Gerade weil diese Variable offen ist, will Narula die schwierigsten Entscheidungen vertagen. Das gelte insbesondere für Notfallmechanismen nach einem Q-Day, für „Escape-Hatch“-Konstruktionen oder für die Frage, was mit dauerhaft unberührten Beständen geschehen soll.
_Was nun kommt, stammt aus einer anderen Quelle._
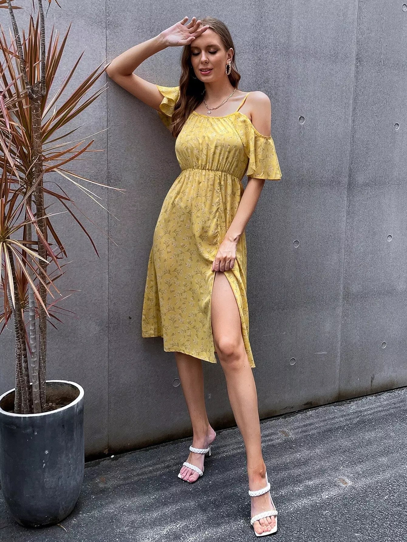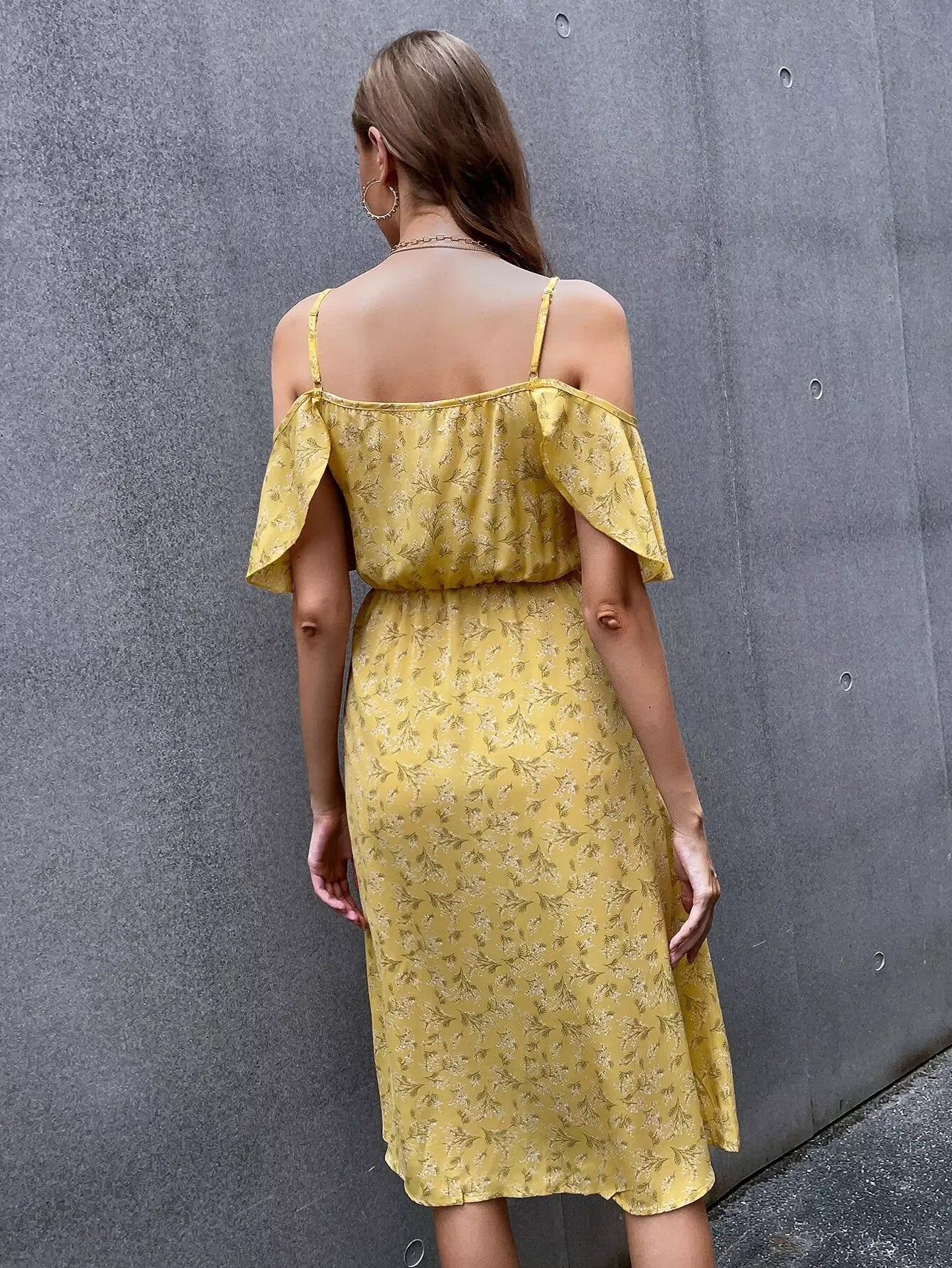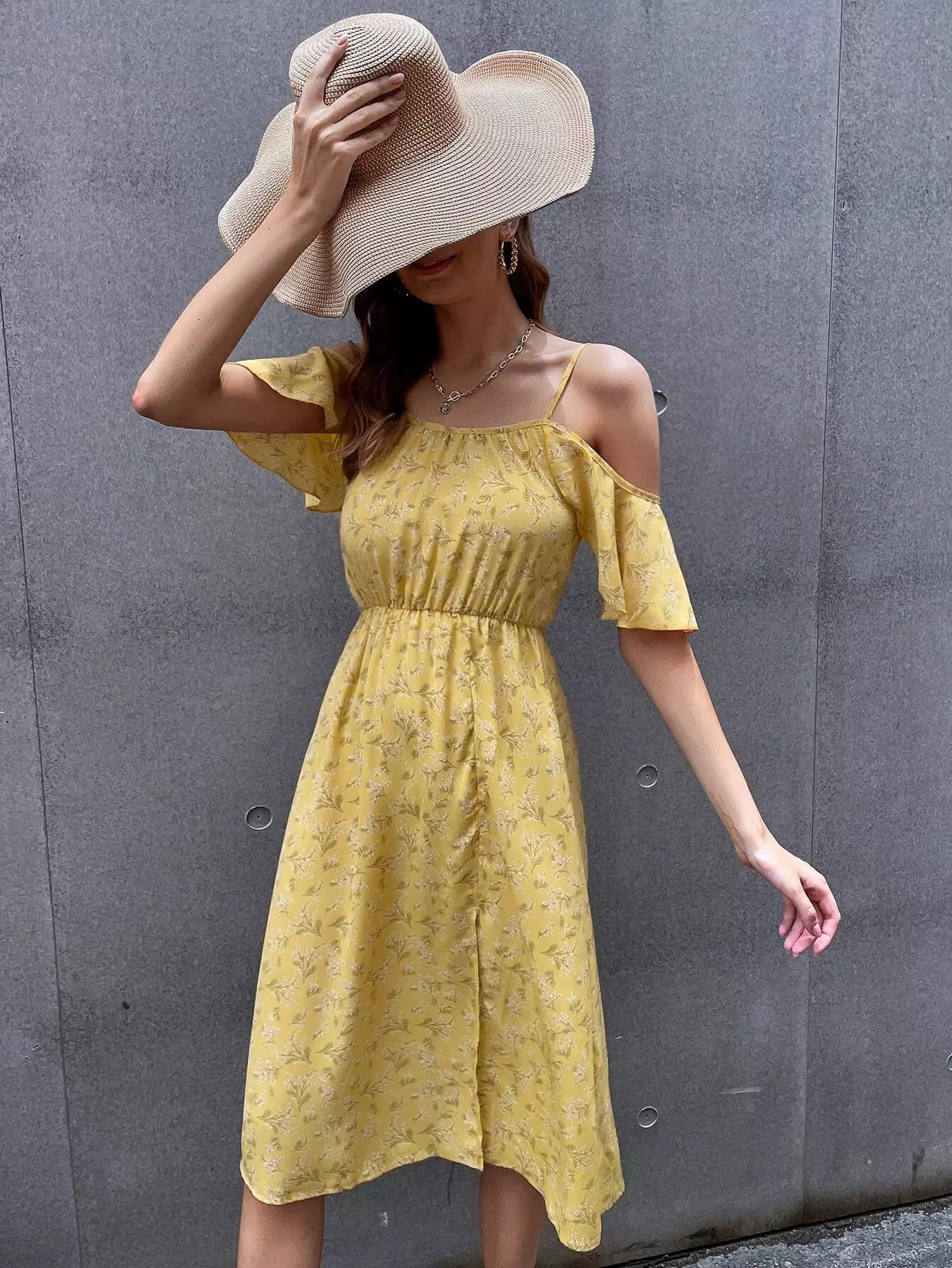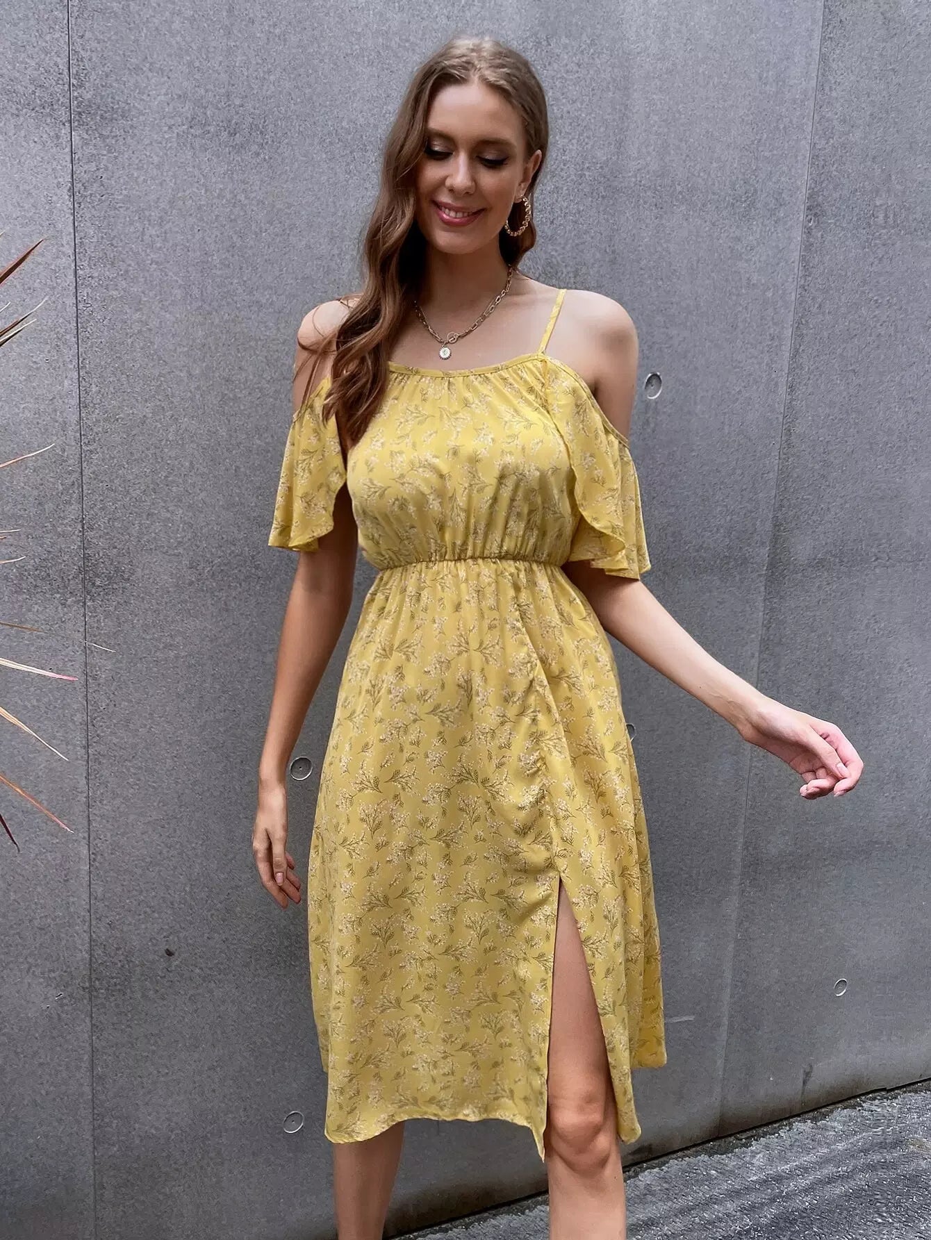 فستان بأكتاف باردة مزين بالورود بالكامل

Ihre Formulierung ist bemerkenswert direkt: „Am wichtigsten ist, dass wir jetzt nicht entscheiden müssen, was wir mit Menschen tun, die voraussichtlich überhaupt nicht auftauchen werden, um etwas zu unternehmen (Satoshis Coins), um Fortschritte zu machen.“ Zwar erwartet sie langfristig eine harte Debatte darüber, ob gefährdete Altbestände potenziell gestohlen, eingefroren oder anderweitig behandelt werden müssten. Für den jetzigen Fortschritt sei diese Entscheidung aber nicht notwendig.
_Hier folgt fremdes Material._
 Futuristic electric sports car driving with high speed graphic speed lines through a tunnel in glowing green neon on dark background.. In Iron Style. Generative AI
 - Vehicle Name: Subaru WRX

Hinzu kommt ein praktisches Argument, das sich durch den gesamten Beitrag zieht: Mit einem aktivierten PQ-sicheren Ausgabetyp ließe sich erstmals reales On-Chain-Verhalten messen. Wer migriert, wäre sichtbar; X würde von einer theoretischen Größe zu einer beobachtbaren Kennzahl. Narula räumt ein, dass es valide Gegenargumente gibt — etwa die Sorge, P2MR sei für Wallets zu fehleranfällig, oder dass die „blaue“ sichere Teilmenge am Ende zu klein ausfallen könnte. Sie hält diese Einwände jedoch nicht für ausreichend, um nichts zu tun. In ihrer zugespitzten Selbstbeschreibung heißt es: „Ja. Ganz genau. Das ist meine Strategie im Leben als notorische Aufschieberin.“ Der ernsthafte Kern dahinter ist weniger Ironie als Priorisierung: erst den sicheren Ausgabetyp schaffen, dann mit besseren Daten und mehr Zeit über das politisch wie spieltheoretisch heikle Restproblem entscheiden.
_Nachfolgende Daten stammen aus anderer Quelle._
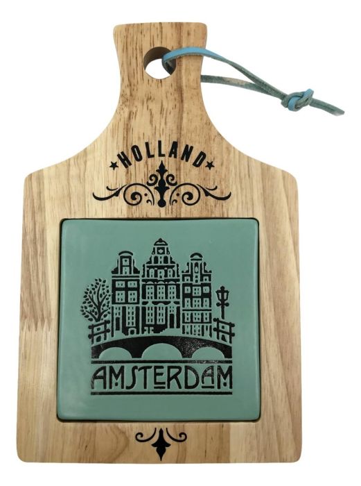 Deze kleine houten kaasplank is versierd met een groene keramische tegel met daarop Amsterdamse grachtenhuisjes.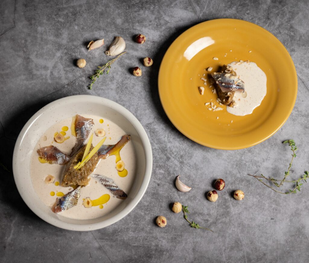 Sardines fumades i tàrtar d’albergínia amb ajoblanco d’avellana.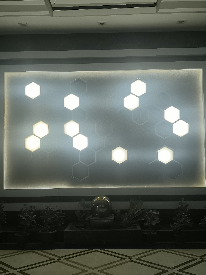 A contemporary wall art piece features a light gray background with a pattern of white hexagon shapes. Some hexagons are illuminated with a warm light, creating a honeycomb-like effect. Below the artwork is a dark ledge adorned with various potted plants. A golden decorative sphere sits in the center, adding a touch of elegance. The floor in the foreground is patterned with contrasting light and dark squares, giving a sense of depth.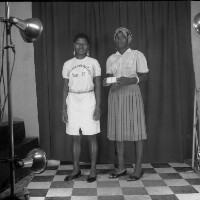 406. EAP054/1/47/406 Reference (shelfmark): EAP054/1/47/406 Title: Recreational photograph [c 1985 - 1986] Scope & Content: 2 young women from Bamesso standing: one in white outfit, dark shoes, earrings, the other in white top and pleated skirt, dark shoes, holding something in her hands. Format of original: 59mm x 59mm plastic negative Collection Area: Endangered Archives Programme Languages: Not applicable Date Range: 1985-1986 Extent: 1 TIFF image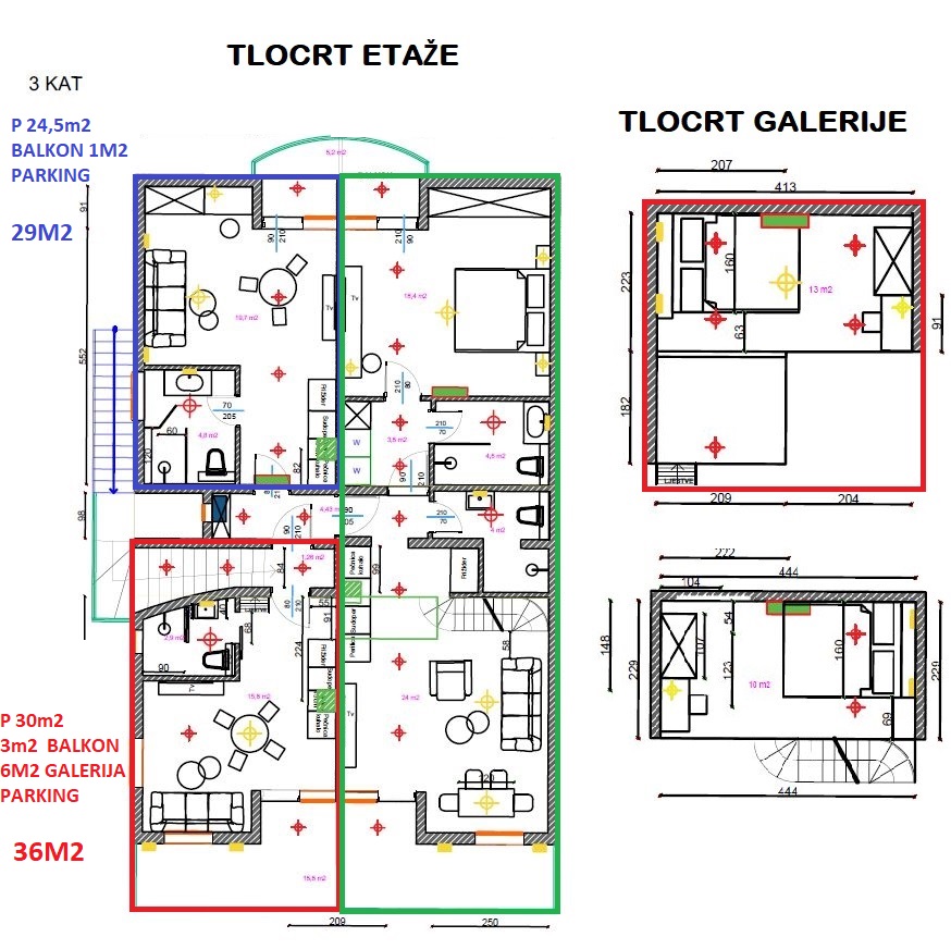 Manja garsonjera na trećem katu objekta s 8 stambenih jedinica. Garsonjera se nalazi na trećem katu te je sjeverno orijentirana, ukupne je površine 24,5 m2 stambene površine, 1 m2 balkona (prema koeficijentu 0,5) – parkirno mjesto 3 m2 (prema koeficijentu 0,25) ukupno 29 m2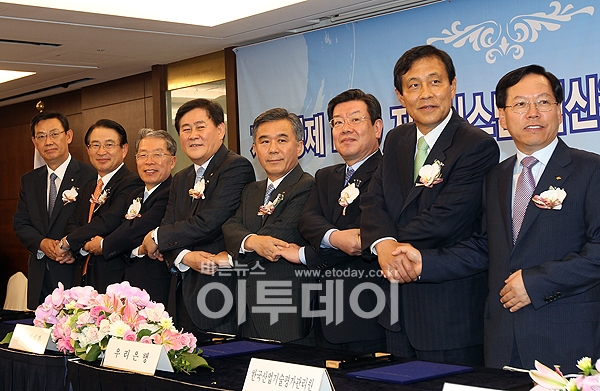 27일 오전 서울 소공동 롯데호텔에서 지식경제부 주최로 '지식경제 R&D 지원시스템 혁신을 위한 업무협약식' 이 열린 가운데 참석자들이 협약식을 마치고 포즈를 취하고 있다. 왼쪽부터 김태영 농협중앙회 신용대표이사, 이백순 신한은행장, 윤용로 중소기업은행장, 최경환 지식경제부장관, 이종휘 우리은행장, 서영주 한국산업기술평가관리원장, 김정태 하나은행장, 최기의 국민은행 이사부행장.

Narulas Fahrplan verschiebt die Bitcoin-Quantenfrage damit von einem Alles-oder-nichts-Streit auf eine Reihenfolge von Maßnahmen. Erst ein Soft Fork für einen praktikablen, post-quantenfesten Ausgabetyp, dann Koordination bei Wallets, Layer-2-Systemen und Anwendungen, und erst später die Entscheidung über Altlasten, die sich nicht rechtzeitig bewegen. Für Marktteilnehmer und Infrastrukturbetreiber ist das vor allem eine Botschaft über Timing: Wer auf vollständige Gewissheit wartet, könnte wertvolle Vorlaufzeit verlieren.